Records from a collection
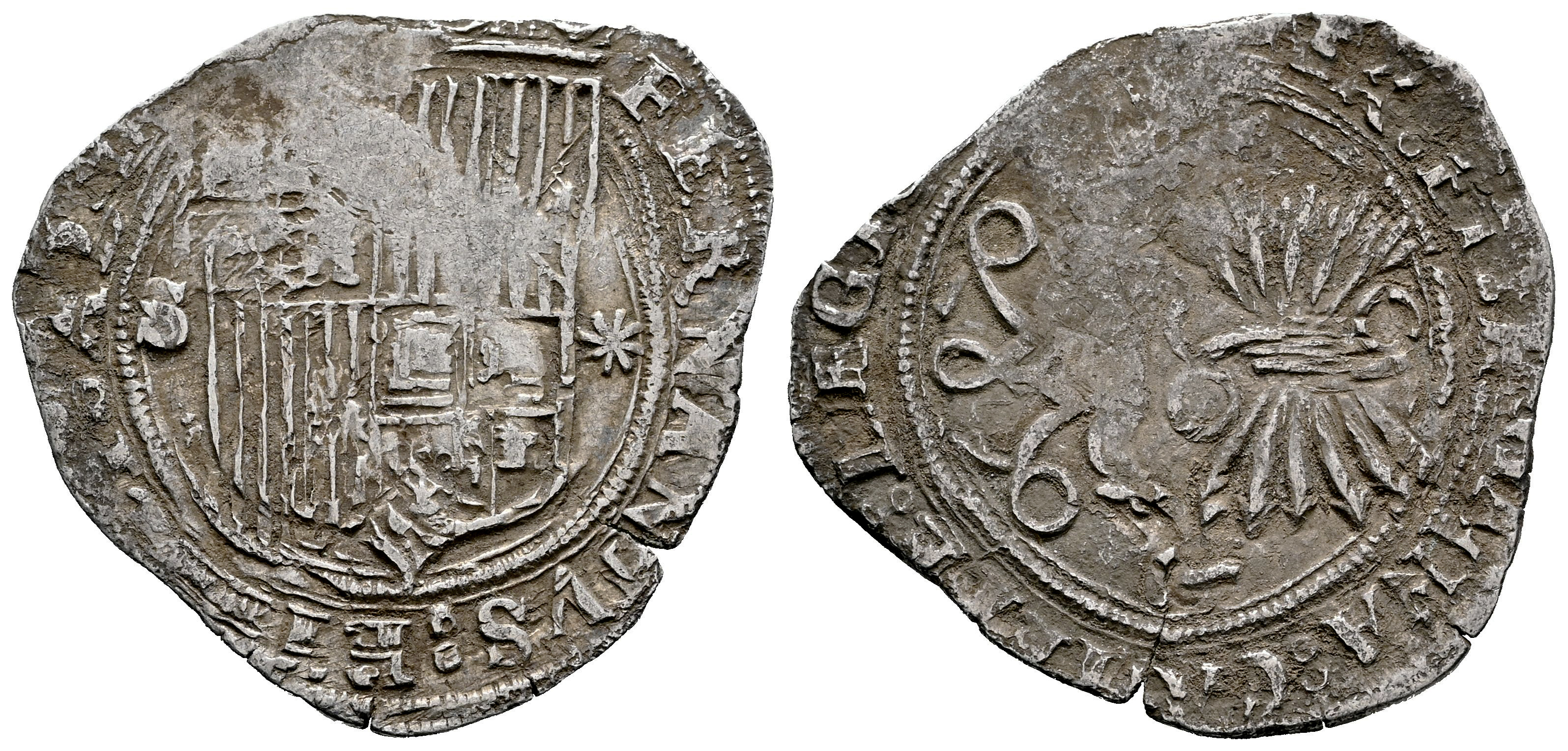 Fernando e Isabel (1474-1504). 1 real. Sevilla. (Cal-420). Ag. 3,31 g. S y estrella de 8 puntas a los lados del escudo. MBC-. Est...75,00.
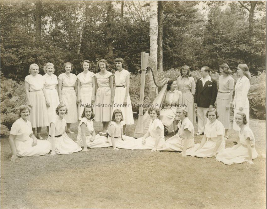 Black & white photograph of the Summer Harp Colony of America students posing with teacher and founder Carlos Salzedo in 1951.Collection
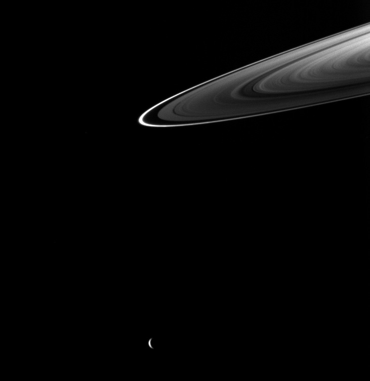 of the Saturn system during equinox, and followed up with this beauty of a crescent moon Rhea beneath the rings of Saturn. NASA has also put together a multimedia presentation of recent pictures of Saturn, set to music, and it is stunning. Run, don't walk and
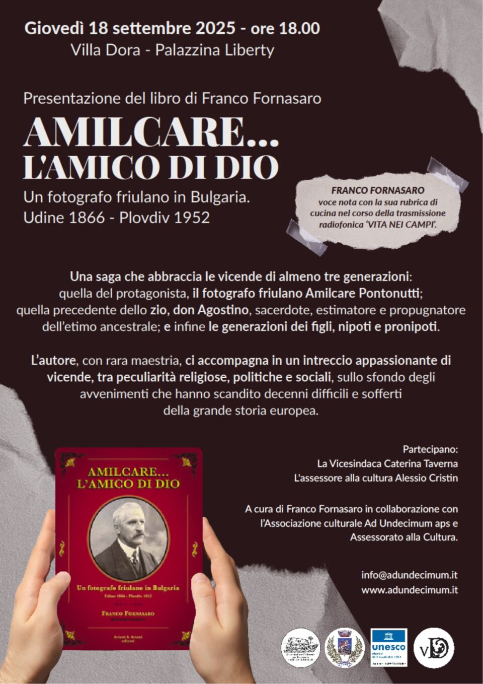 Giovedì 18 settembre 2025, alle ore 18.00, presso la Palazzina Liberty di Villa Dora di San Giorgio di Nogaro, si terrà la presentazione del libro "Amilcare...l'amico di Dio - Un fotografo friulano in Bulgaria. Udine 1866 - Plovdiv 1952" di Franco Fornasaro.
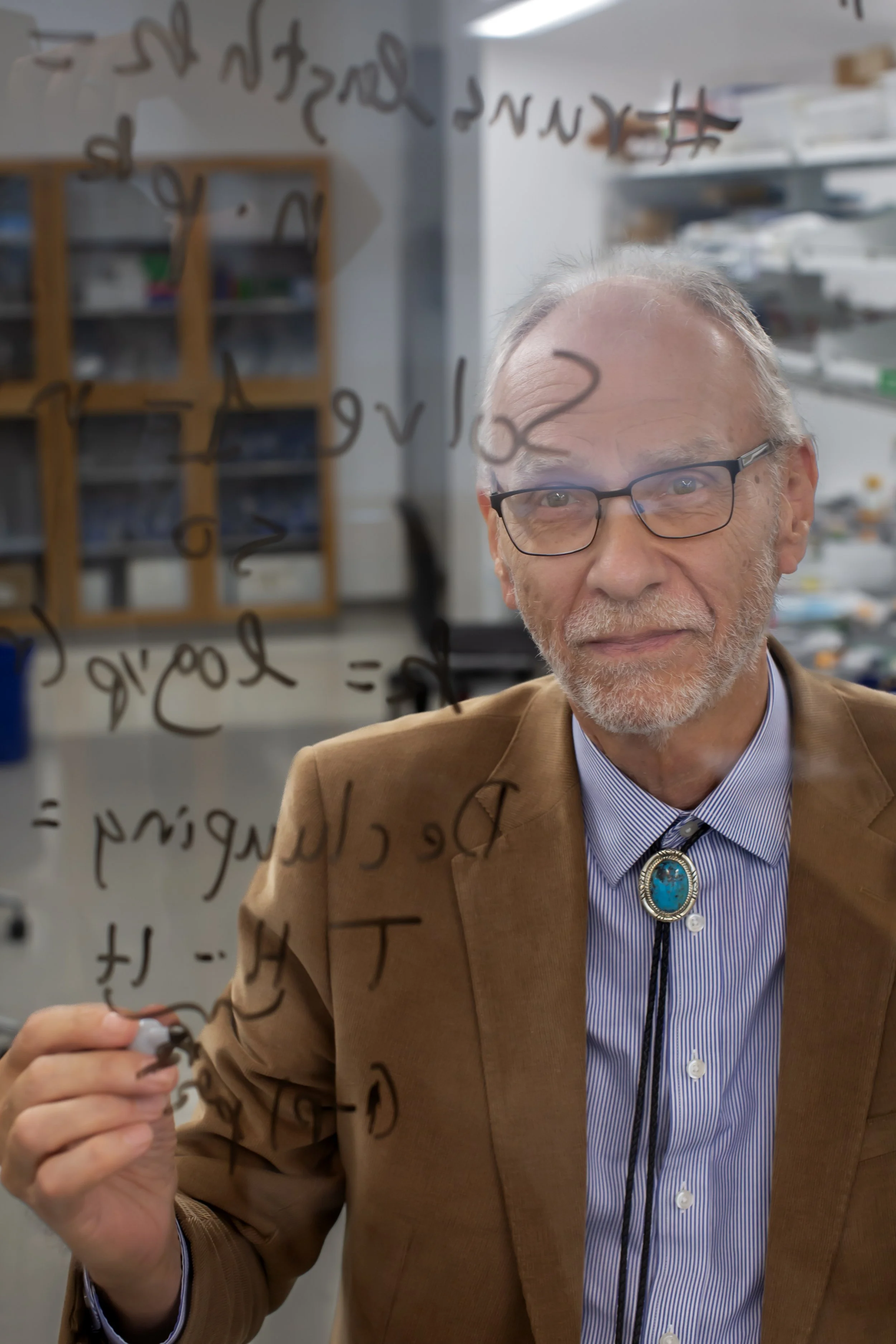 An elderly man with gray hair and a beard, wearing glasses, a brown blazer, and a bolo tie with a turquoise stone, writing mathematical equations on a glass board in a laboratory or office setting.
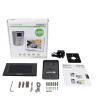 Balení obsahuje vše co je potřeba k jednoduché instalaci: vnitřní monitor, venkovní jednotku s kamerou, sadu šroubů a hmoždinek, svorky na kabely s páčkou.
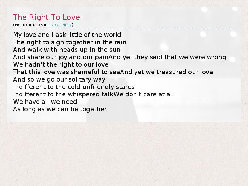А как ты думаешь, о чем песня "The Right To Love" ?
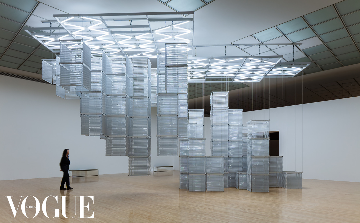 ‘윤에 따른 엇갈린 랑데부’ 옆 전시장에 또 다른 블라인드 작품 ‘솔 르윗 뒤집기–1078배로 확장·복제하여 다시 돌려 놓은 K123456(Sol LeWitt Upside Down–K123456, Expanded 1078 Times, Doubled and Mirrored)’(2015, ‘솔 르윗 뒤집기’)을 놓아 대구를 이루게 한 건, 쌍의 의미와 비대칭성의 효과를 극대화하고자 한 전략이다. 전자가 반쪽의 구조라면, 후자는 쌍의 구조다. 일단 생김새부터 다르다. ‘윤에 따른 엇갈린 랑데부’가 상승과 하강의 뚜렷한 대조와 움직이는 조명으로 드라마틱한 서사를 시사한다면, 고정된 조명 아래 두 군데의 접합점을 만드는 ‘솔 르윗 뒤집기’는 하늘에서 뚝 떨어졌거나 땅에서 불쑥 솟은 듯 엄격하다. 이 역시 작품 안에 어떤 인물이 ‘배양(Incubate)된’ 상태인데, 솔 르윗(Sol LeWitt)은 미국의 미니멀리스트이자 미술관 소장품전에서 볼 법한 개념 미술의 거장이다. 양혜규는 그의 상징적인 정육면체 구조물을 재해석했다. 원작 스케일을 1,078배로 확대하고 데칼코마니처럼 반사해 거꾸로 거는 방식으로 모듈식 설치작을 만든 것이다. 솔 르윗의 정육면체는 전면이 열려 있지만, 양혜규는 이를 흰색 블라인드로 채워버렸다. 어디서 보느냐에 따라 블라인드가 겹쳐지는 정도와 밀도가 달라지는데, 블라인드 작품의 큰 특징이었던 투과성은 희미해지고 대신 불투명성과 투명성 간에 새로운 관계가 생겨난다.
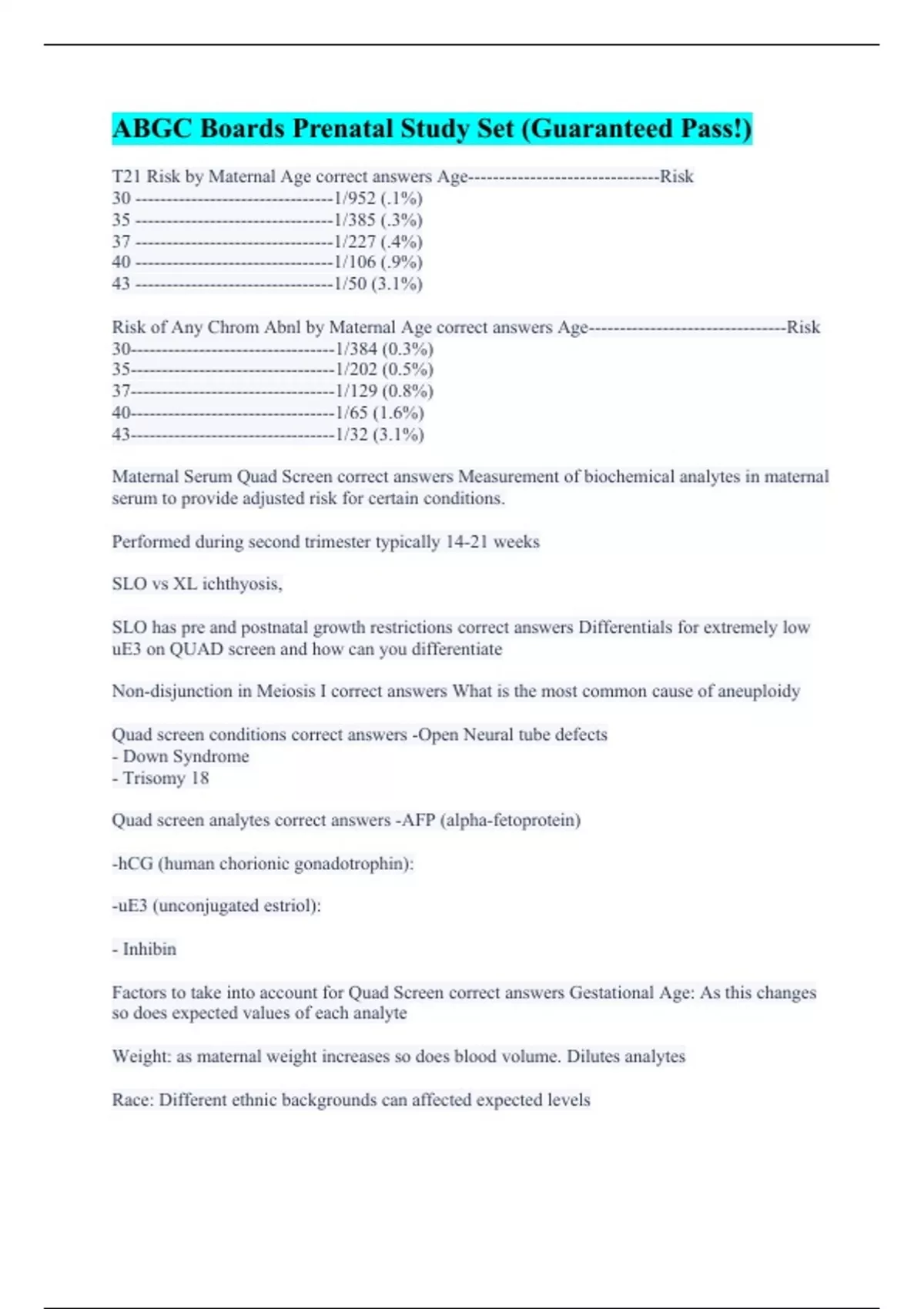 T21 Risk by Maternal Age correct answers Age-------------------------------Risk 30 --------------------------------1/952 (.1%) 35 --------------------------------1/385 (.3%) 37 --------------------------------1/227 (.4%) 40 --------------------------------1/106 (.9%) 43 --------------------------------1/50 (3.1%) Risk of Any Chrom Abnl by Maternal Age correct answers Age--------------------------------Risk 30---------------------------------1/384 (0.3%) 35---------------------------------1/202 (0.5%) 37---------------------------------1/129 (0.8%) 40---------------------------------1/65 (1.6%) 43---------------------------------1/32 (3.1%) Maternal Serum Quad Screen correct answers Measurement of biochemical analytes in maternal serum to provide adjusted risk for certain conditions. Performed during second trimester typically 14-21 weeks SLO vs XL ichthyosis, SLO has pre and postnatal growth restrictions correct answers Differentials for extremely low uE3 on QUAD screen and how can you differentiate Non-disjunction in Meiosis I correct answers What is the most common cause of aneuploidy Quad screen conditions correct answers -Open Neural tube defects - Down Syndrome - Trisomy 18 Quad screen analytes correct answers -AFP (alpha-fetoprotein) -hCG (human chorionic gonadotrophin): -uE3 (unconjugated estriol): - Inhibin Factors to take into account for Quad Screen correct answers Gestational Age: As this changes so does expected values of each analyte Weight: as maternal weight increases so does blood volume. Dilutes analytes Race: Different ethnic backgrounds can affected expected levels
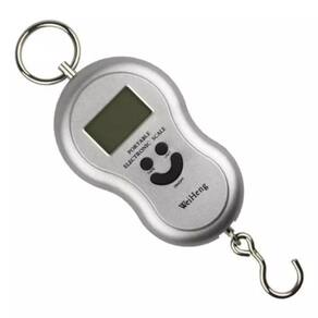Modelo: Weiheng Capacidade: Até 40kg Display: Digital LCD Material: Plástico resistente e gancho de metal Alimentação: Bateria Funções: Tara, unidade de medida ajustável (kg/lb)
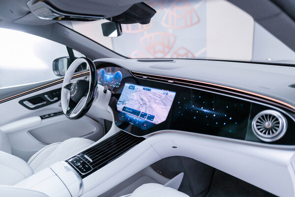 Die Gestaltung des EQS 680 im Innenraums umfasst den MBUX-Hyperscreen mit Maybach spezifischen Start-up-Animationen auf allen drei Displays mit visuellem Gesamteindruck in edlem Tiefblau. Zu den zahlreichen exklusiven Merkmalen zählt die animierte Anzeige des Kombi-Instruments im Maybach-Modus. Die Einfassung der Rundinstrumente ist im markentypischen Roségold gehalten. Als alternative Anzeigeform zu den Tuben ist der sportliche "Pure EV"-Stil als räumlich dargestellte Leistungsspange wählbar (Fahren, Beschleunigen, Laden).
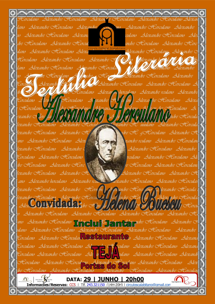 O autor escolhido para mais este excelente serão cultural é Alexandre Herculano e a especialista convidada para a ocasião a Professora Doutora Helena Buescu.

Task details
All the lines above should be reproduced exactly, and none of the pictures.

Output of the task
 Fernando e Isabel (1474-1504). 1 real. Sevilla. (Cal-420). Ag. 3,31 g. S y estrella de 8 puntas a los lados del escudo. MBC-. Est...75,00.
 Black & white photograph of the Summer Harp Colony of America students posing with teacher and founder Carlos Salzedo in 1951.Collection
 of the Saturn system during equinox, and followed up with this beauty of a crescent moon Rhea beneath the rings of Saturn. NASA has also put together a multimedia presentation of recent pictures of Saturn, set to music, and it is stunning. Run, don't walk and
 Giovedì 18 settembre 2025, alle ore 18.00, presso la Palazzina Liberty di Villa Dora di San Giorgio di Nogaro, si terrà la presentazione del libro "Amilcare...l'amico di Dio - Un fotografo friulano in Bulgaria. Udine 1866 - Plovdiv 1952" di Franco Fornasaro.
 An elderly man with gray hair and a beard, wearing glasses, a brown blazer, and a bolo tie with a turquoise stone, writing mathematical equations on a glass board in a laboratory or office setting.
 Balení obsahuje vše co je potřeba k jednoduché instalaci: vnitřní monitor, venkovní jednotku s kamerou, sadu šroubů a hmoždinek, svorky na kabely s páčkou.
А как ты думаешь, о чем песня "The Right To Love" ?
 ‘윤에 따른 엇갈린 랑데부’ 옆 전시장에 또 다른 블라인드 작품 ‘솔 르윗 뒤집기–1078배로 확장·복제하여 다시 돌려 놓은 K123456(Sol LeWitt Upside Down–K123456, Expanded 1078 Times, Doubled and Mirrored)’(2015, ‘솔 르윗 뒤집기’)을 놓아 대구를 이루게 한 건, 쌍의 의미와 비대칭성의 효과를 극대화하고자 한 전략이다. 전자가 반쪽의 구조라면, 후자는 쌍의 구조다. 일단 생김새부터 다르다. ‘윤에 따른 엇갈린 랑데부’가 상승과 하강의 뚜렷한 대조와 움직이는 조명으로 드라마틱한 서사를 시사한다면, 고정된 조명 아래 두 군데의 접합점을 만드는 ‘솔 르윗 뒤집기’는 하늘에서 뚝 떨어졌거나 땅에서 불쑥 솟은 듯 엄격하다. 이 역시 작품 안에 어떤 인물이 ‘배양(Incubate)된’ 상태인데, 솔 르윗(Sol LeWitt)은 미국의 미니멀리스트이자 미술관 소장품전에서 볼 법한 개념 미술의 거장이다. 양혜규는 그의 상징적인 정육면체 구조물을 재해석했다. 원작 스케일을 1,078배로 확대하고 데칼코마니처럼 반사해 거꾸로 거는 방식으로 모듈식 설치작을 만든 것이다. 솔 르윗의 정육면체는 전면이 열려 있지만, 양혜규는 이를 흰색 블라인드로 채워버렸다. 어디서 보느냐에 따라 블라인드가 겹쳐지는 정도와 밀도가 달라지는데, 블라인드 작품의 큰 특징이었던 투과성은 희미해지고 대신 불투명성과 투명성 간에 새로운 관계가 생겨난다.
 T21 Risk by Maternal Age correct answers Age-------------------------------Risk 30 --------------------------------1/952 (.1%) 35 --------------------------------1/385 (.3%) 37 --------------------------------1/227 (.4%) 40 --------------------------------1/106 (.9%) 43 --------------------------------1/50 (3.1%) Risk of Any Chrom Abnl by Maternal Age correct answers Age--------------------------------Risk 30---------------------------------1/384 (0.3%) 35---------------------------------1/202 (0.5%) 37---------------------------------1/129 (0.8%) 40---------------------------------1/65 (1.6%) 43---------------------------------1/32 (3.1%) Maternal Serum Quad Screen correct answers Measurement of biochemical analytes in maternal serum to provide adjusted risk for certain conditions. Performed during second trimester typically 14-21 weeks SLO vs XL ichthyosis, SLO has pre and postnatal growth restrictions correct answers Differentials for extremely low uE3 on QUAD screen and how can you differentiate Non-disjunction in Meiosis I correct answers What is the most common cause of aneuploidy Quad screen conditions correct answers -Open Neural tube defects - Down Syndrome - Trisomy 18 Quad screen analytes correct answers -AFP (alpha-fetoprotein) -hCG (human chorionic gonadotrophin): -uE3 (unconjugated estriol): - Inhibin Factors to take into account for Quad Screen correct answers Gestational Age: As this changes so does expected values of each analyte Weight: as maternal weight increases so does blood volume. Dilutes analytes Race: Different ethnic backgrounds can affected expected levels
Modelo: Weiheng Capacidade: Até 40kg Display: Digital LCD Material: Plástico resistente e gancho de metal Alimentação: Bateria Funções: Tara, unidade de medida ajustável (kg/lb)
 Die Gestaltung des EQS 680 im Innenraums umfasst den MBUX-Hyperscreen mit Maybach spezifischen Start-up-Animationen auf allen drei Displays mit visuellem Gesamteindruck in edlem Tiefblau. Zu den zahlreichen exklusiven Merkmalen zählt die animierte Anzeige des Kombi-Instruments im Maybach-Modus. Die Einfassung der Rundinstrumente ist im markentypischen Roségold gehalten. Als alternative Anzeigeform zu den Tuben ist der sportliche "Pure EV"-Stil als räumlich dargestellte Leistungsspange wählbar (Fahren, Beschleunigen, Laden).
 O autor escolhido para mais este excelente serão cultural é Alexandre Herculano e a especialista convidada para a ocasião a Professora Doutora Helena Buescu.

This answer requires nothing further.